Here, we systematically analysed publicly available gene expression datasets from the Human Protein Atlas (HPA) to define patterns of chromatin factor expression across normal tissues, single-cell populations and cancer cell lines. By quantifying expression variability across cell and tissue types, we identified distinct classes of chromatin factors and tissues that are specifically enriched relative to other gene categories.

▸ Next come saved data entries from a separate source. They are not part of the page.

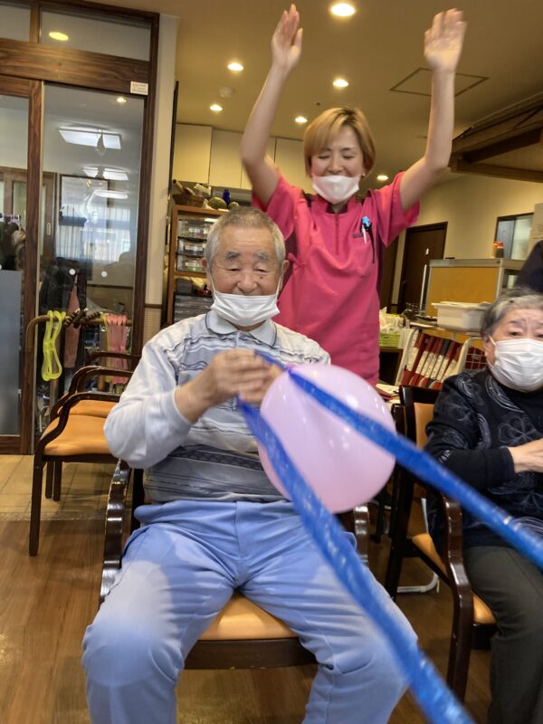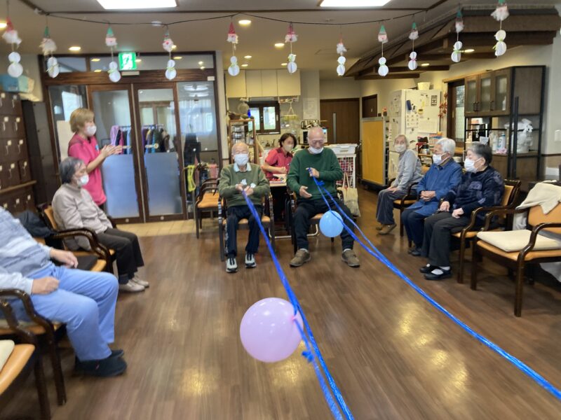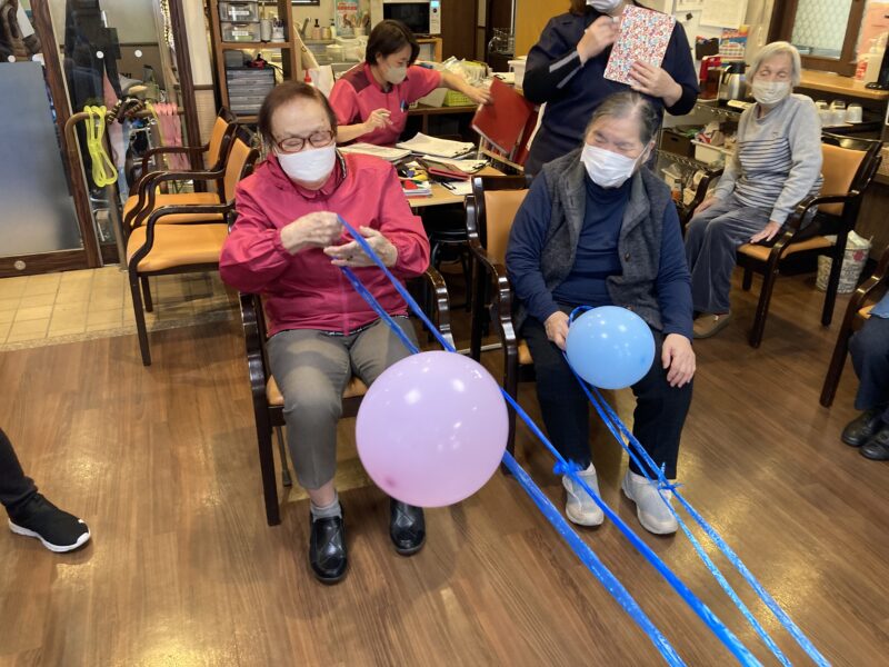 長いヒモに風船をつけ一周させ早く自分の手元に戻す!という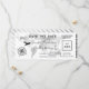 Boarding Pass Hochzeit speichern Sie das Datum Ticket Einladung mit einer eleganten Silber-Folie Destination Weltkarte, Kompass, Flugzeug und eine personalisierte Textvorlage.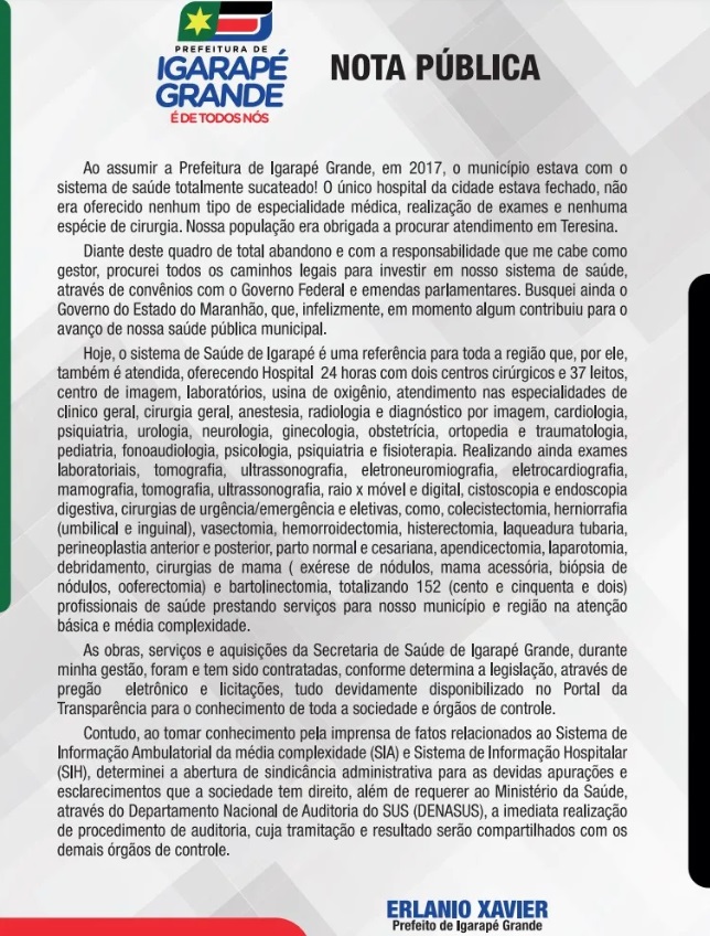 Na nota, Erlânio que é o braço direito do senador Weverton Rocha (PDT), sustenta que não sabia de nada, exalta seus feitos na saúde da cidade e, acreditem, diz que irá abrir uma sindicância e auditoria na saúde do município de Igarapé Grande na qual ele próprio é o chefe do Executivo.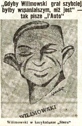 Karykatura Ernesta Wilimowskiego podczas Mistrzostw Świata w 1938 roku. Zdjęcie: 7 Groszy, Ag.Polonji.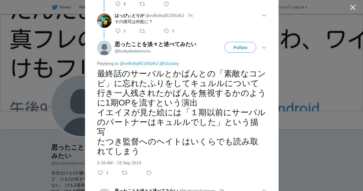 https://twitter.com:443/buttyakekemono/status/1174659084735270918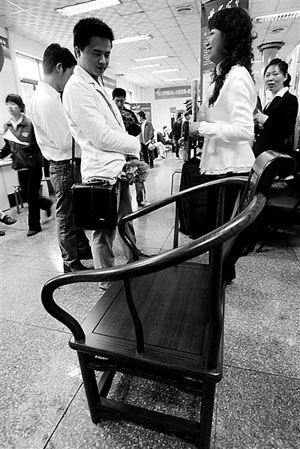 昨日,在武昌起點人力資源市場舉辦的湖南商會專場招聘會上,一招聘單位將一把新椅子放在招聘展位前,寓意虛位以待、求賢若渴,期待能招到更多的實用人才。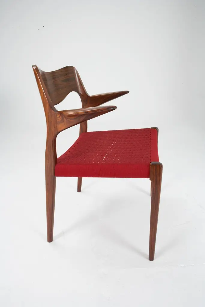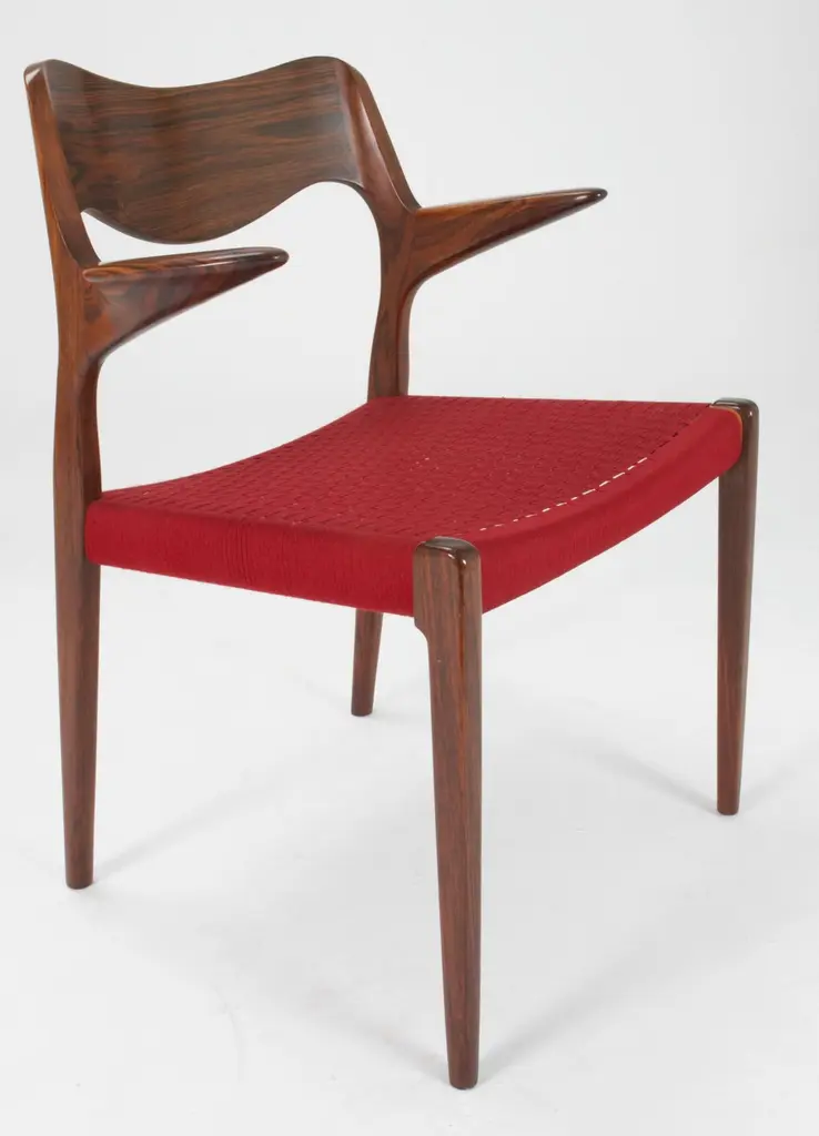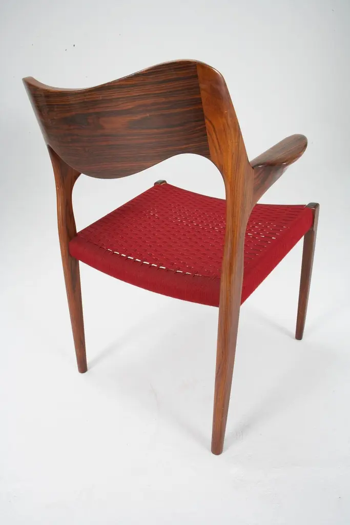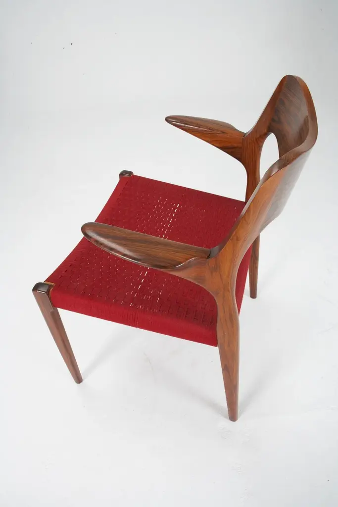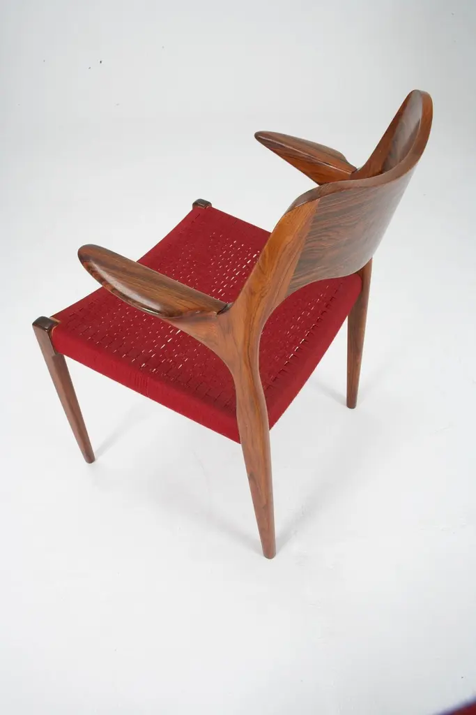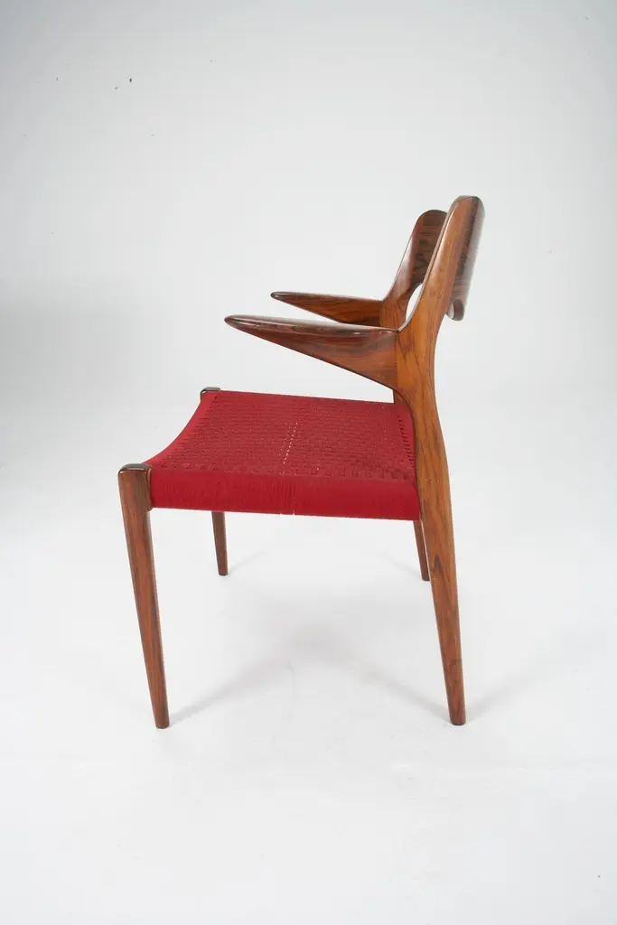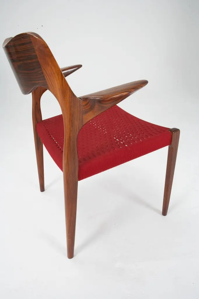 Sold individually, these eight of Niel Otto Moller Model 51 chair was designed in 1951. Most assume that Niel Otto Moller designed this first chair produced by his workshop JL Moller but, in fact, Niels Otto Moller commissioned Arne Hovmand Olsen to design this model. These eight chairs with original red cord appear to have little use as indeed they did. Sourced from a board room in Germany, they few signs of wear, Available in a separate listing are a set of 4 side chairs of this design also in red cord.
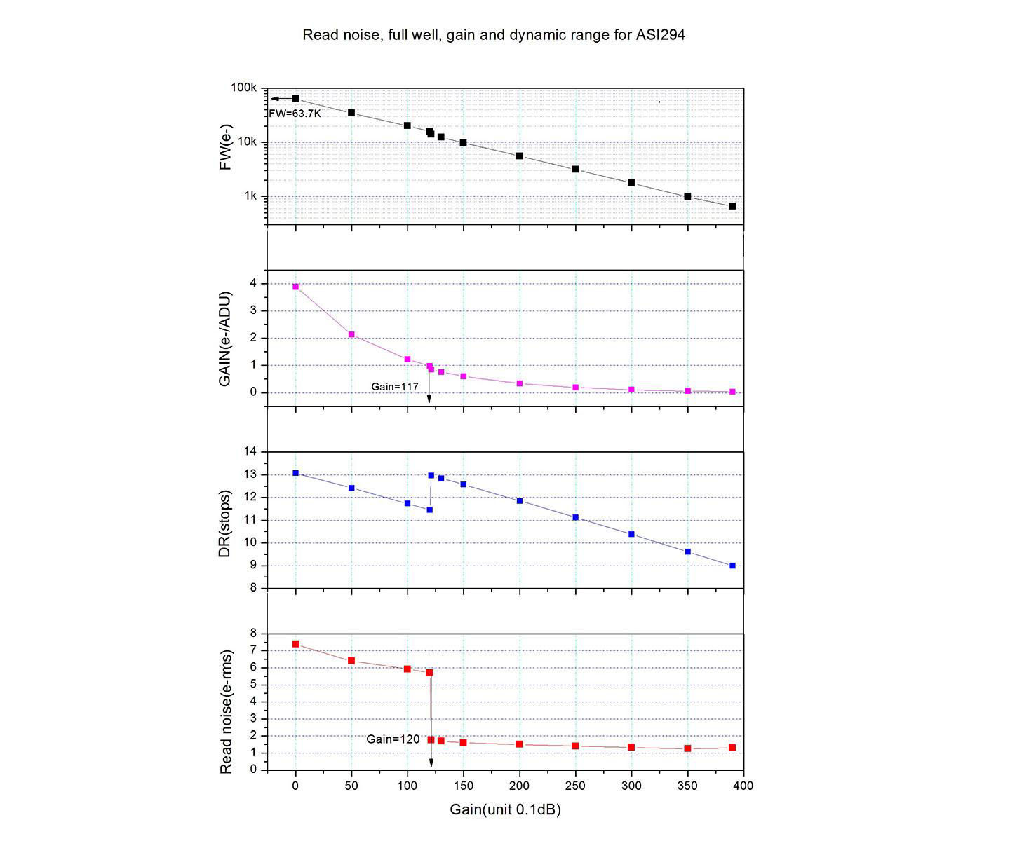 - 14bit-ADC HCG Modus - wenn Gain (Vorverstärkung) höher als 120 (12 dB) ist, wird das Ausleserauschen unter 2 e- reduziert. Ergebnis: trotz extrem hoher Empfindlichkeit erhalten Sie rauscharme Bilder. Full Well Capacity 63700 e - selbst helle Sterne brennen nicht mehr aus, sie erhalten ein besseres Signal-Rausch-Verhältnis.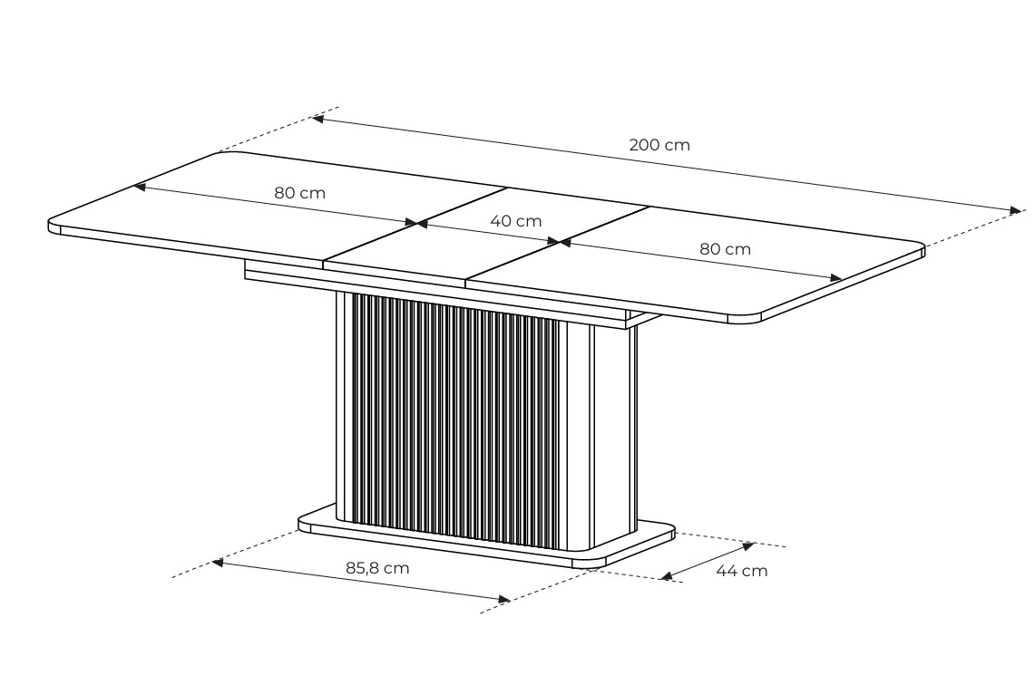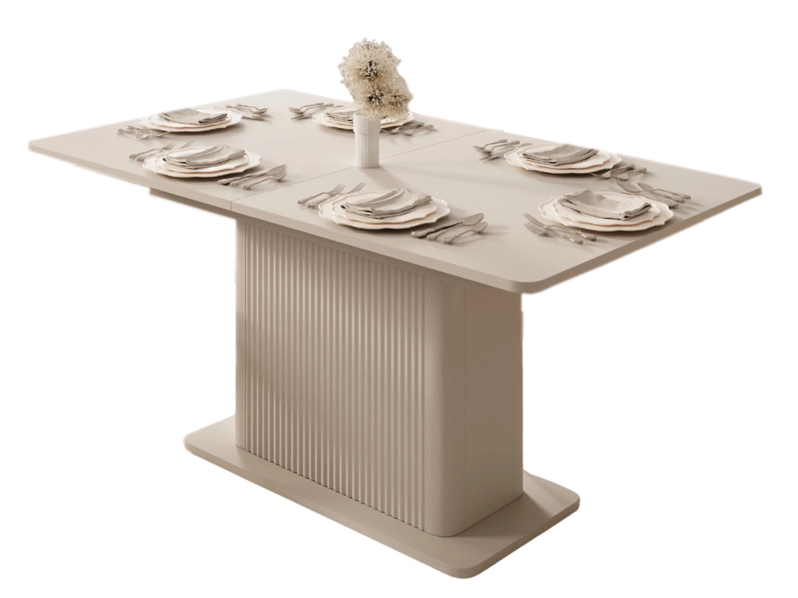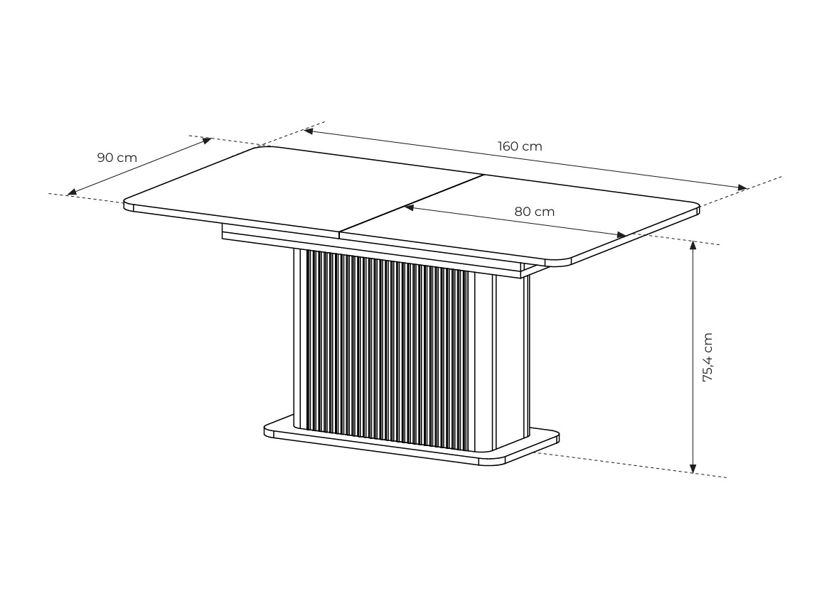 Centralna podstawa stołu o dekoracyjnym, pionowym frezowaniu przyciąga uwagę i nadaje meblowi unikalnego charakteru. To nie tylko element konstrukcyjny, ale także ozdobny akcent, który podkreśla ekskluzywny wygląd całej bryły. Stabilna konstrukcja zapewnia komfort użytkowania, a jednocześnie pozostawia dużo miejsca na swobodne ustawienie krzeseł.

To determine the functional relevance of these expression patterns in cancer, we integrated chromatin factor expression data with genome-scale dependency profiles from the Cancer Dependency Map (DepMap). This analysis revealed relationships between chromatin factor expression and cancer cell survival, uncovering novel tumour-selective vulnerabilities. Finally, by correlating genome-wide expression patterns with dependency data, we will also identify candidate synthetic lethal interactions with potential therapeutic relevance.
Together, this project aims to challenge the prevailing view of chromatin factors as uniformly expressed regulators and provide a framework for identifying predictive chromatin biomarkers and pharmacological targets across distinct tissue and cancer contexts.